When Josh Luber 99B 06B 06L tells people what he does, their reactions usually fall under one of two distinct categories: They’re either clueless about the existence of StockX and what it does, or they’re ecstatic sneakerheads who’ve just met the face and co-founder of the world’s largest (and first) stock market of things, especially sneakers and streetwear.

Josh Luber

“I’m a start-up guy,” Luber explains, and the way StockX came to life is a quite telling insight into his logical, entrepreneurial mind. Between the three other start-ups that Luber created before StockX, he always held a corporate job. He started at Alston & Bird after finishing law school, and he was working at IBM as a strategy consultant when he started tinkering with another idea. Around 2011, the sneaker industry started to become “a lot more mainstream,” says Luber, which led him to brainstorm possible sneaker-related businesses.

“I’ve collected sneakers since I was a kid. I probably have shoes from when I was, like, 8 years old,” says Luber. “I’ve always loved sneakers.”

And those who know Luber the best can confirm this love affair. “Josh has been most passionate about two things: his family and sneakers,” says long-time law school friend, Marion Wilson 06L. “Some may assume he bought most of the sneakers relatively recently, perhaps through StockX. But those who’ve known him for a while will remember the humble beginnings of his collection, which dates back to at least the early 2000s, and how they were lovingly displayed in law school in the closet of his apartment.”

Luber’s collection has only grown since then. He now has a room in his house that showcases his collection of over 400 pairs. (Although he admits that picking a favorite pair is hard — and equates the decision to picking a favorite child — he has to go with Air Jordan 1s, if only because he has more of these than any other.)

Combine this love of sneakers with their rising mainstream status and add in the data work that Luber was doing for IBM, and he started wondering, “What if I could get ahold of some sneaker data just to play with for my own amusement?” Thus, his start-up Campless was born, and this sneaker price guide or a “Kelley Blue Book” for sneakers, explains Luber, led to StockX.

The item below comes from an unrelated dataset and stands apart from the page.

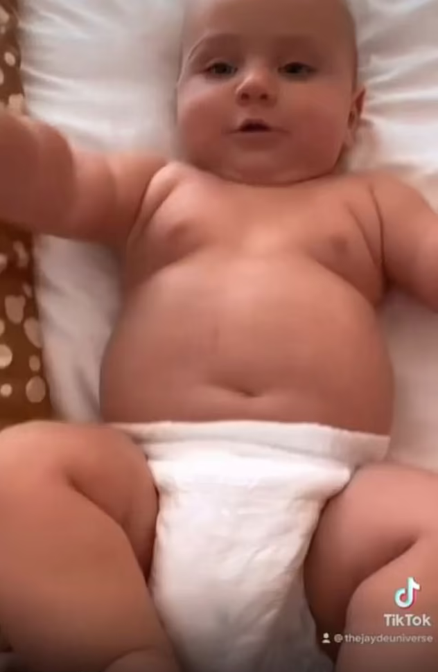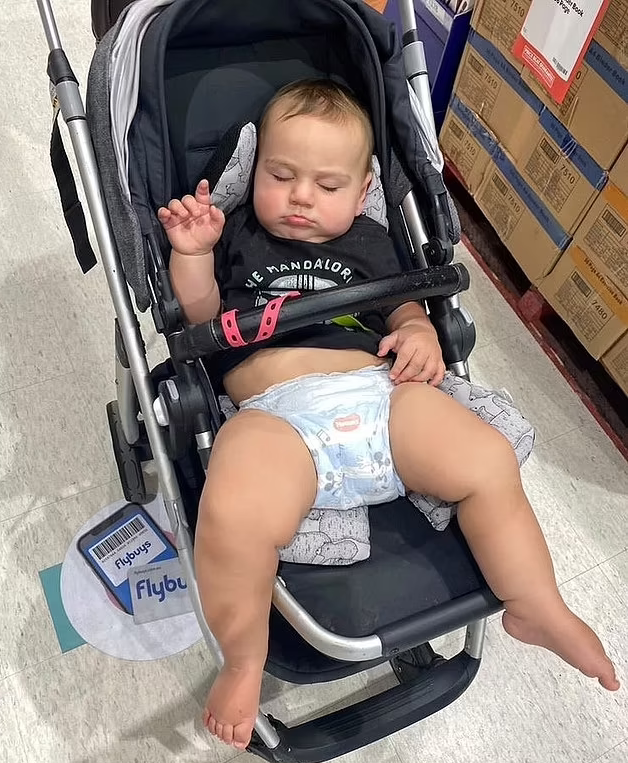 Only one year later, the tot’s weight has tripled, tipping the scales at 36lbs!

Through Campless, “… we could tell you the value of a pair of shoes,” says Luber. “It’s a really easy thought to say, ‘Well, now I can look at someone’s entire sneaker collection and tell you the value of your entire collection.’ And you can look at that collection the same way you look at a stock portfolio — just track its value over time. And if you have a stock portfolio, and you’re tracking the value of the portfolio, it’s only one additional step to think, ‘Well, what if we create an actual stock market for sneakers?’ And that’s what StockX is. StockX is an actual stock market for sneakers. We’re a marketplace. We’re an evolution of eBay: We connect buyers to sellers. But we operate in exactly the same way that the world stock market does, and that’s the real business here.”

And this very real business has grown to 1,100 employees, an entire legal team, and a handful of external attorneys they consult with, as well. “All we’ve done, every step of the way, is just copy how the stock market works, and the stock market has been the most efficient form of commerce for hundreds of years and worked really well at a really big scale,” explains Luber. “We didn’t make this up. We just copied the most proven business model in history.”

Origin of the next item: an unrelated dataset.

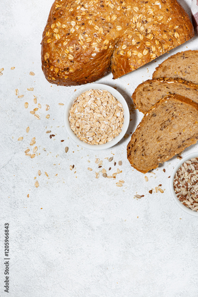 healthy bread with oatmeal and seeds on white background, vertical top view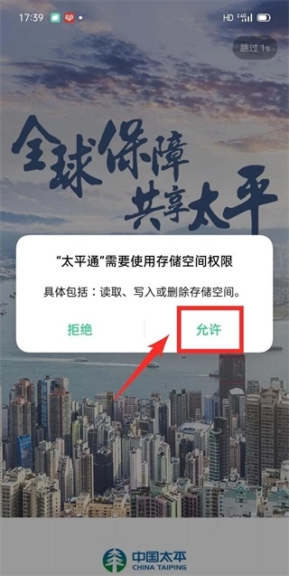 存储空间权限,点击允许

The co-founder now spends his days focused on innovation, working with new ideas and products (such as a trading card category, which was launched late last year). “I spend a lot of my time doing all the start-up-within-a-startup stuff,” says Luber. “I work within the larger organization, but do all the fun stuff.”

Despite his new role, Luber still relies quite heavily on his law degree (as he has for all of his start-ups). “It is immensely helpful, being an entrepreneur, to have a very wide, broad skill set, and with one of those being a foundation in law is obviously invaluable,” he says.

Luber, who went to Emory for his undergraduate degree, had intended to go back to get his graduate business degree, admitting he was only “secondarily interested in law.” But, the combination of strict competition and “super intellectually challenging” material meant that Luber “actually loved law school” and did fairly well.

“Josh was an exceptional student. He possesses a quiet brilliance,” says Dr. B. Kembrel Jones 00B, former associate dean of the Goizueta MBA Program. “Josh’s legal training taught him to lead with logic and gave him the skills to be quite persuasive. He was and is forward-thinking, goal-oriented and, most importantly, extremely passionate.”

During his early days in the start-up world, when he didn’t have an entire legal team on staff, Luber used the contracts skills he developed while earning his degree quite often. It gave him a basic understanding for “start-up law” as well as the ability to interpret the contracts he had to sign. Now he uses his degree to understand what’s going on with the company and its growth.

“All that said, you could say the biggest thing that came out of law school was I actually met my wife there, and she still practices,” says Luber. When numbering his life’s priorities, he joked, “I’ll put her as 1A, StockX as 1B, and all the other companies 2.”